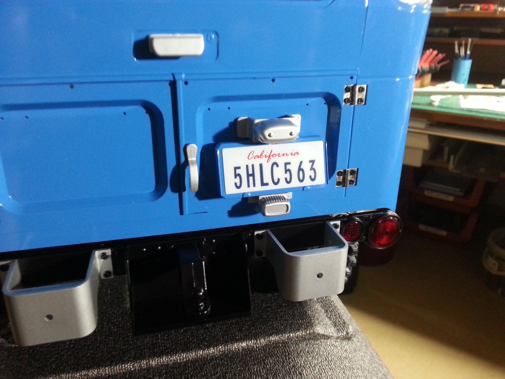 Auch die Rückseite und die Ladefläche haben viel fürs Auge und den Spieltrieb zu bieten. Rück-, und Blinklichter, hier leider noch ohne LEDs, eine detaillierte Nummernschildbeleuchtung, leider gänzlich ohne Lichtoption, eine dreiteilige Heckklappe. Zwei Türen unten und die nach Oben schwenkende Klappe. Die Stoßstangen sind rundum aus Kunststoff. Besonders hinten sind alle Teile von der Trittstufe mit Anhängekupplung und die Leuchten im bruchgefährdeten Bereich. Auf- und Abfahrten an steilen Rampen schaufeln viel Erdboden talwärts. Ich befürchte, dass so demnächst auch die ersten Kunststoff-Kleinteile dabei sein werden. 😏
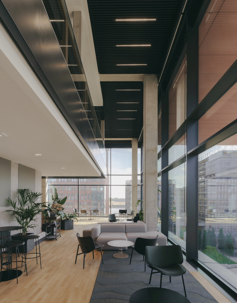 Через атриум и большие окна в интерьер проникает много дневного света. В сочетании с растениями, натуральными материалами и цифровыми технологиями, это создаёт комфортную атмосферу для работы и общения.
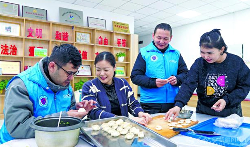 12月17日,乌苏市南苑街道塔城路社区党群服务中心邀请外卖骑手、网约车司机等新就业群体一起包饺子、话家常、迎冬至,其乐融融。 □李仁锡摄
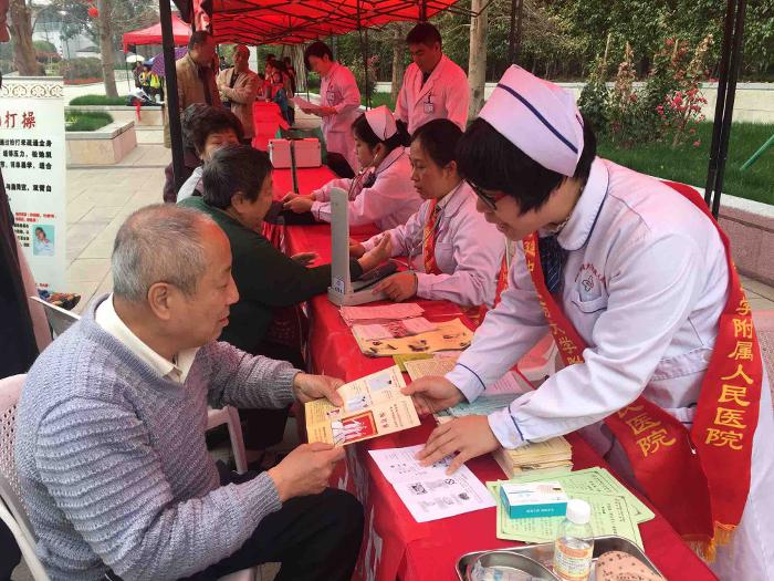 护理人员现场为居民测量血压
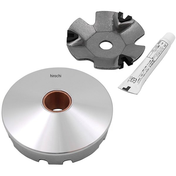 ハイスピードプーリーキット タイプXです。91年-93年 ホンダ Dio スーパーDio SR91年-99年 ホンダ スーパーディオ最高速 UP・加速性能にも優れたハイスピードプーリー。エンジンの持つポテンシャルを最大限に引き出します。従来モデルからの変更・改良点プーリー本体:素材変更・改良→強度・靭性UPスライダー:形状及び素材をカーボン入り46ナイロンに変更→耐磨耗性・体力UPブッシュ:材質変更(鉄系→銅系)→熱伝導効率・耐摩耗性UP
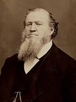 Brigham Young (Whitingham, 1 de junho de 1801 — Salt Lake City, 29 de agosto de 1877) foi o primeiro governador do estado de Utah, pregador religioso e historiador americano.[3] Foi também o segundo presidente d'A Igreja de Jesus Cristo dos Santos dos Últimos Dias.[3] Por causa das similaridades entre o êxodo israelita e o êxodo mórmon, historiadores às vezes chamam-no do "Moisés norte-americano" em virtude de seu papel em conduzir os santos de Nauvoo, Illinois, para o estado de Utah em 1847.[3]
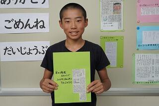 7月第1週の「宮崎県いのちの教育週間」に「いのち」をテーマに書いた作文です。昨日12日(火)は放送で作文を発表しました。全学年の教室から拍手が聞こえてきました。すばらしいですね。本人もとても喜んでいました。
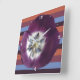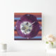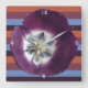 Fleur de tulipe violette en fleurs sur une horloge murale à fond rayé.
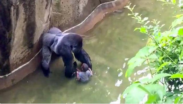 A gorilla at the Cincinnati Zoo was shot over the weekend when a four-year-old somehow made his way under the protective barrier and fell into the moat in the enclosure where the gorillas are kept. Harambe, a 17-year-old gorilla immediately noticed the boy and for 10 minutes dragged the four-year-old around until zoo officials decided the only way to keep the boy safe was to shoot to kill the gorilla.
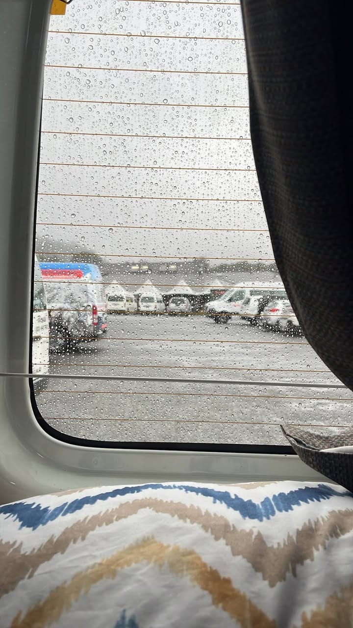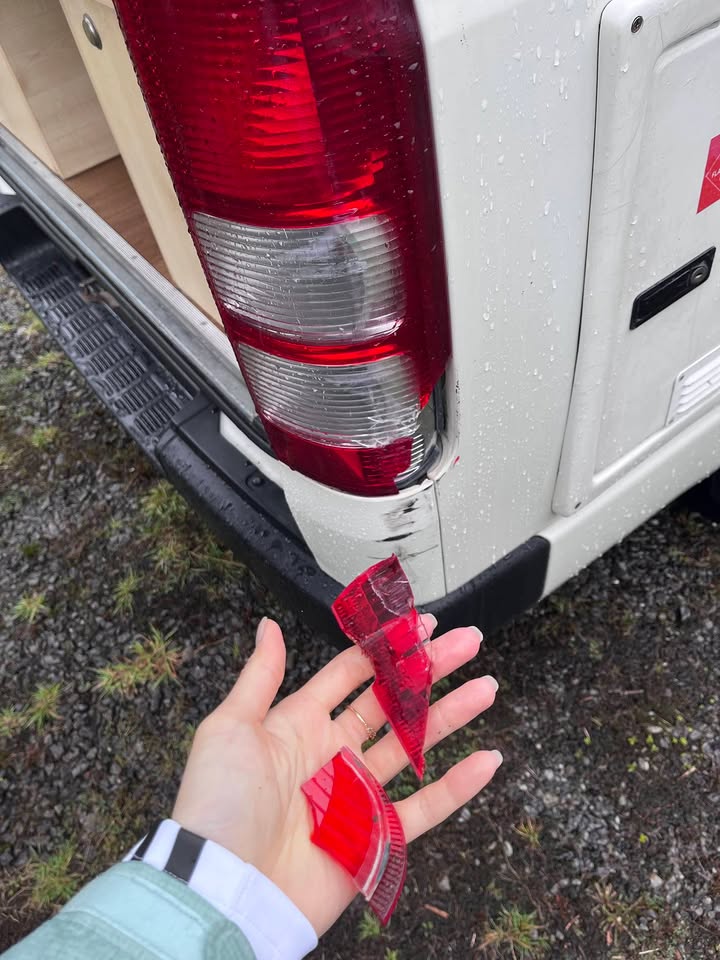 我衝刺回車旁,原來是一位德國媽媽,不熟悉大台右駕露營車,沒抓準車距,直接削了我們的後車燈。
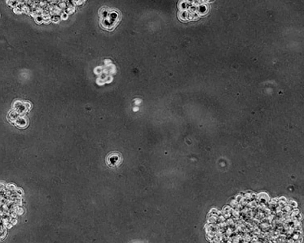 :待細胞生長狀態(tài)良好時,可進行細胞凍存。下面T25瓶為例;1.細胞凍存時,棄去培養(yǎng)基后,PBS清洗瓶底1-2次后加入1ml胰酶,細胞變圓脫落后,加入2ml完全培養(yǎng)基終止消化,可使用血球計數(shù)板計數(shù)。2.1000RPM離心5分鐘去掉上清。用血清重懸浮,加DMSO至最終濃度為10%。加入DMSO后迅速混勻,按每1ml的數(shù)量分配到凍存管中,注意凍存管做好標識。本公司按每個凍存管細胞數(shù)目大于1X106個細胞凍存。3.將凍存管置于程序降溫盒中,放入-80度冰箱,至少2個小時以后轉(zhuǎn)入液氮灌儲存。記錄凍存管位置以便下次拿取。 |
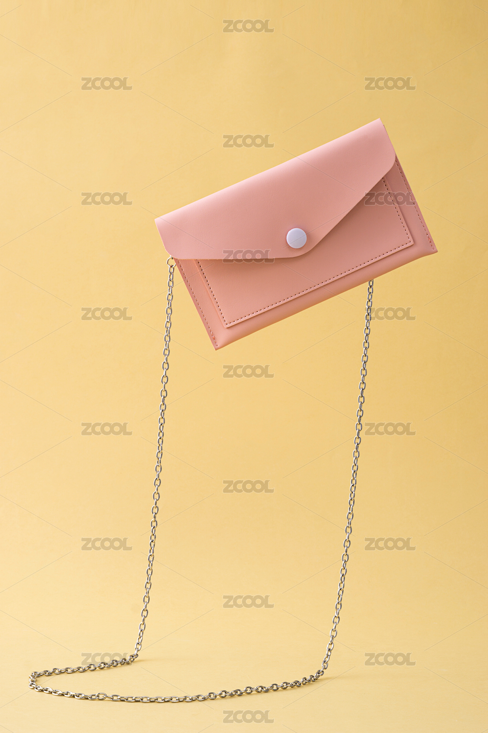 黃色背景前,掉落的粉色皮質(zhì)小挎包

WORK ORDER: Copy word for word every line from the start of the material through the line holding "7月第1週の「宮崎県いのちの". The pictures are not part of the copy.

ANSWER FOR THE TASK:
 Auch die Rückseite und die Ladefläche haben viel fürs Auge und den Spieltrieb zu bieten. Rück-, und Blinklichter, hier leider noch ohne LEDs, eine detaillierte Nummernschildbeleuchtung, leider gänzlich ohne Lichtoption, eine dreiteilige Heckklappe. Zwei Türen unten und die nach Oben schwenkende Klappe. Die Stoßstangen sind rundum aus Kunststoff. Besonders hinten sind alle Teile von der Trittstufe mit Anhängekupplung und die Leuchten im bruchgefährdeten Bereich. Auf- und Abfahrten an steilen Rampen schaufeln viel Erdboden talwärts. Ich befürchte, dass so demnächst auch die ersten Kunststoff-Kleinteile dabei sein werden. 😏
 Через атриум и большие окна в интерьер проникает много дневного света. В сочетании с растениями, натуральными материалами и цифровыми технологиями, это создаёт комфортную атмосферу для работы и общения.
 12月17日,乌苏市南苑街道塔城路社区党群服务中心邀请外卖骑手、网约车司机等新就业群体一起包饺子、话家常、迎冬至,其乐融融。 □李仁锡摄
 护理人员现场为居民测量血压
 ハイスピードプーリーキット タイプXです。91年-93年 ホンダ Dio スーパーDio SR91年-99年 ホンダ スーパーディオ最高速 UP・加速性能にも優れたハイスピードプーリー。エンジンの持つポテンシャルを最大限に引き出します。従来モデルからの変更・改良点プーリー本体:素材変更・改良→強度・靭性UPスライダー:形状及び素材をカーボン入り46ナイロンに変更→耐磨耗性・体力UPブッシュ:材質変更(鉄系→銅系)→熱伝導効率・耐摩耗性UP
 Brigham Young (Whitingham, 1 de junho de 1801 — Salt Lake City, 29 de agosto de 1877) foi o primeiro governador do estado de Utah, pregador religioso e historiador americano.[3] Foi também o segundo presidente d'A Igreja de Jesus Cristo dos Santos dos Últimos Dias.[3] Por causa das similaridades entre o êxodo israelita e o êxodo mórmon, historiadores às vezes chamam-no do "Moisés norte-americano" em virtude de seu papel em conduzir os santos de Nauvoo, Illinois, para o estado de Utah em 1847.[3]
 7月第1週の「宮崎県いのちの教育週間」に「いのち」をテーマに書いた作文です。昨日12日(火)は放送で作文を発表しました。全学年の教室から拍手が聞こえてきました。すばらしいですね。本人もとても喜んでいました。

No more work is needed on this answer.